*** Opening of Data shown ***

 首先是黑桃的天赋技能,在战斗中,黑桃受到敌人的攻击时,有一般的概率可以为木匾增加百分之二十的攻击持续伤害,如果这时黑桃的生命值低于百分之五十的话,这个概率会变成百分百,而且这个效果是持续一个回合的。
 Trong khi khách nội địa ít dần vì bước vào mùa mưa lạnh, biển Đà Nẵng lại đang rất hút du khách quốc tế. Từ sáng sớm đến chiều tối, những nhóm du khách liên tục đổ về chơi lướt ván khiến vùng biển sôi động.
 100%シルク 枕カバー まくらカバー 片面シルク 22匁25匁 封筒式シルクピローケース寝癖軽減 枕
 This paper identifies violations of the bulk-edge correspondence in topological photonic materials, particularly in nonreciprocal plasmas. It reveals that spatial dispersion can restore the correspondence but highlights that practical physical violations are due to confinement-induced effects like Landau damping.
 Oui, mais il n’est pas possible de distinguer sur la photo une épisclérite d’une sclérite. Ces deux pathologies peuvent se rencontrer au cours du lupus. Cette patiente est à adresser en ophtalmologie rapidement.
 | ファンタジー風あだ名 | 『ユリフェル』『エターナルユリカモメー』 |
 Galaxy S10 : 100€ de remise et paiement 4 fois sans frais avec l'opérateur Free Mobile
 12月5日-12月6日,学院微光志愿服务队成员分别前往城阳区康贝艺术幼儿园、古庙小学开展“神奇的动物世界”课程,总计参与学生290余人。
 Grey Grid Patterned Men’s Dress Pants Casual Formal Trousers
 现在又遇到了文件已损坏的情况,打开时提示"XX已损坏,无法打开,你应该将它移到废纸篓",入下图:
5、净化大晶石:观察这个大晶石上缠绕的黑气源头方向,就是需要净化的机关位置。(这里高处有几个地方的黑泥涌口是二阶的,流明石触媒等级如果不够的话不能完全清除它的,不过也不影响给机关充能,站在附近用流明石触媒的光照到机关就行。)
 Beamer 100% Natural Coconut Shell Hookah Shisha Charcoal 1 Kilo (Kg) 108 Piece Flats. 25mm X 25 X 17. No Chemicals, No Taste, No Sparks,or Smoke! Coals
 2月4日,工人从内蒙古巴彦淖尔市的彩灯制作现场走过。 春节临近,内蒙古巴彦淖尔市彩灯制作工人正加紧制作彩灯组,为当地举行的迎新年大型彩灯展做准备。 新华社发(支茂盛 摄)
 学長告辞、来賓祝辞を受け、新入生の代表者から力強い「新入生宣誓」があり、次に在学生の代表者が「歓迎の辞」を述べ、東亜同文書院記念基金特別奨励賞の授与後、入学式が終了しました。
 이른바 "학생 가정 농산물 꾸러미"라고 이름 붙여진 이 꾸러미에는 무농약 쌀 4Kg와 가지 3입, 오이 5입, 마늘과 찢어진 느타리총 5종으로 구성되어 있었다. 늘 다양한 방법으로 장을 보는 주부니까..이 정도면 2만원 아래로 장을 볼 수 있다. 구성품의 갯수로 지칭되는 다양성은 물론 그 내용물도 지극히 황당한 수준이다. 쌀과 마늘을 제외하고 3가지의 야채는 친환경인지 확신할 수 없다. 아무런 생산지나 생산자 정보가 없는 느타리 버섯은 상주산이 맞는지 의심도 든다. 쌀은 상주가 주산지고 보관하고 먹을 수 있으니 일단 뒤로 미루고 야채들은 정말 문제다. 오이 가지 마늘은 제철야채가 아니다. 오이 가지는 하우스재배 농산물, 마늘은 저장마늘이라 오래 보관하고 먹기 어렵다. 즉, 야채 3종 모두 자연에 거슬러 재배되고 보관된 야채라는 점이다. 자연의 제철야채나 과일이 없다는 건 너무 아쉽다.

*** Close of Data shown ***

Print every line you see above, exactly as written.

Answer
 首先是黑桃的天赋技能,在战斗中,黑桃受到敌人的攻击时,有一般的概率可以为木匾增加百分之二十的攻击持续伤害,如果这时黑桃的生命值低于百分之五十的话,这个概率会变成百分百,而且这个效果是持续一个回合的。
 Trong khi khách nội địa ít dần vì bước vào mùa mưa lạnh, biển Đà Nẵng lại đang rất hút du khách quốc tế. Từ sáng sớm đến chiều tối, những nhóm du khách liên tục đổ về chơi lướt ván khiến vùng biển sôi động.
 100%シルク 枕カバー まくらカバー 片面シルク 22匁25匁 封筒式シルクピローケース寝癖軽減 枕
 This paper identifies violations of the bulk-edge correspondence in topological photonic materials, particularly in nonreciprocal plasmas. It reveals that spatial dispersion can restore the correspondence but highlights that practical physical violations are due to confinement-induced effects like Landau damping.
 Oui, mais il n’est pas possible de distinguer sur la photo une épisclérite d’une sclérite. Ces deux pathologies peuvent se rencontrer au cours du lupus. Cette patiente est à adresser en ophtalmologie rapidement.
 | ファンタジー風あだ名 | 『ユリフェル』『エターナルユリカモメー』 |
 Galaxy S10 : 100€ de remise et paiement 4 fois sans frais avec l'opérateur Free Mobile
 12月5日-12月6日,学院微光志愿服务队成员分别前往城阳区康贝艺术幼儿园、古庙小学开展“神奇的动物世界”课程,总计参与学生290余人。
 Grey Grid Patterned Men’s Dress Pants Casual Formal Trousers
 现在又遇到了文件已损坏的情况,打开时提示"XX已损坏,无法打开,你应该将它移到废纸篓",入下图:
5、净化大晶石:观察这个大晶石上缠绕的黑气源头方向,就是需要净化的机关位置。(这里高处有几个地方的黑泥涌口是二阶的,流明石触媒等级如果不够的话不能完全清除它的,不过也不影响给机关充能,站在附近用流明石触媒的光照到机关就行。)
 Beamer 100% Natural Coconut Shell Hookah Shisha Charcoal 1 Kilo (Kg) 108 Piece Flats. 25mm X 25 X 17. No Chemicals, No Taste, No Sparks,or Smoke! Coals
 2月4日,工人从内蒙古巴彦淖尔市的彩灯制作现场走过。 春节临近,内蒙古巴彦淖尔市彩灯制作工人正加紧制作彩灯组,为当地举行的迎新年大型彩灯展做准备。 新华社发(支茂盛 摄)
 学長告辞、来賓祝辞を受け、新入生の代表者から力強い「新入生宣誓」があり、次に在学生の代表者が「歓迎の辞」を述べ、東亜同文書院記念基金特別奨励賞の授与後、入学式が終了しました。
 이른바 "학생 가정 농산물 꾸러미"라고 이름 붙여진 이 꾸러미에는 무농약 쌀 4Kg와 가지 3입, 오이 5입, 마늘과 찢어진 느타리총 5종으로 구성되어 있었다. 늘 다양한 방법으로 장을 보는 주부니까..이 정도면 2만원 아래로 장을 볼 수 있다. 구성품의 갯수로 지칭되는 다양성은 물론 그 내용물도 지극히 황당한 수준이다. 쌀과 마늘을 제외하고 3가지의 야채는 친환경인지 확신할 수 없다. 아무런 생산지나 생산자 정보가 없는 느타리 버섯은 상주산이 맞는지 의심도 든다. 쌀은 상주가 주산지고 보관하고 먹을 수 있으니 일단 뒤로 미루고 야채들은 정말 문제다. 오이 가지 마늘은 제철야채가 아니다. 오이 가지는 하우스재배 농산물, 마늘은 저장마늘이라 오래 보관하고 먹기 어렵다. 즉, 야채 3종 모두 자연에 거슬러 재배되고 보관된 야채라는 점이다. 자연의 제철야채나 과일이 없다는 건 너무 아쉽다.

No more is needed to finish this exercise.